Find Meters to Fill Copper Cylinder with 8.60lbs of Covelite

[geoti8]

Homework Statement

copper can be drawn into wires. how many meters of 34-gauge wire (diameter 6.304 x 10 -3 in) can be produced in copper from 8.60 pounds of covelite, an ore that is 60% copper by mass. (hint: treat the volume as a cylinder, V of cylinder= pie r squared, density of copper = 8.95 g/cm3

Homework Equations

V of cylinder = pie r (squared)

The Attempt at a Solution

I don't know where to start, is the 60% mass of the covelite ther to confuse me? or is it relevant?

 

[rock.freak667]

if there are 8.60 lbs of covelite and 60% of this is copper, how many lbs if copper is in it?

Now that you have the mass, what is the volume, given the density and the found mass? (Note that your mass should be in grams)

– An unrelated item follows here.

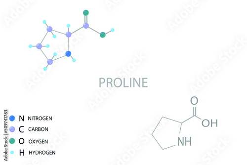 Proline molecular skeletal 3D chemical formula.
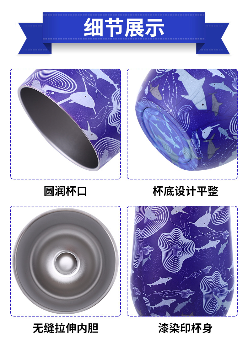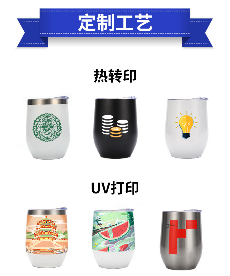 대외 무역을위한 국경 특별 12oz 계란 컵 304 더블 레이어 스테인레스 스틸 진공 달걀 껍질 보온병 레드 와인 컵

also I think your equation should be V= πr²h, as πr² alone gives units of m² which is used for area. (h=height of the cylinder)

 

[geoti8]

ok..I'm following you up until then.. does that mean that for the 34-gauge wire i use the 6.304 x10^-3 and that's the diameter? so for the (vol = pie r^2) i would use (6.304x10^-3 / 2) for the radius?

so I used the V = m/d formula and got 255.66...what do i do with that now?

i'm thinking myself to death here. should have never take 5 years off school to go to the military.

 

[geoti8]

ok, πr2 alone gives units of m2 ...does that mean that i just take the square root of my m2? because I'm looking for length in meters?

 

[rock.freak667]

ok..I'm following you up until then.. does that mean that for the 34-gauge wire i use the 6.304 x10^-3 and that's the diameter? so for the (vol = pie r^2) i would use (6.304x10^-3 / 2) for the radius?

so I used the V = m/d formula and got 255.66...what do i do with that now?

i'm thinking myself to death here. should have never take 5 years off school to go to the military.

worry not! We will get through here.

Right now, so you have V=255.66 cm³ (assuming you converted your lbs to grams)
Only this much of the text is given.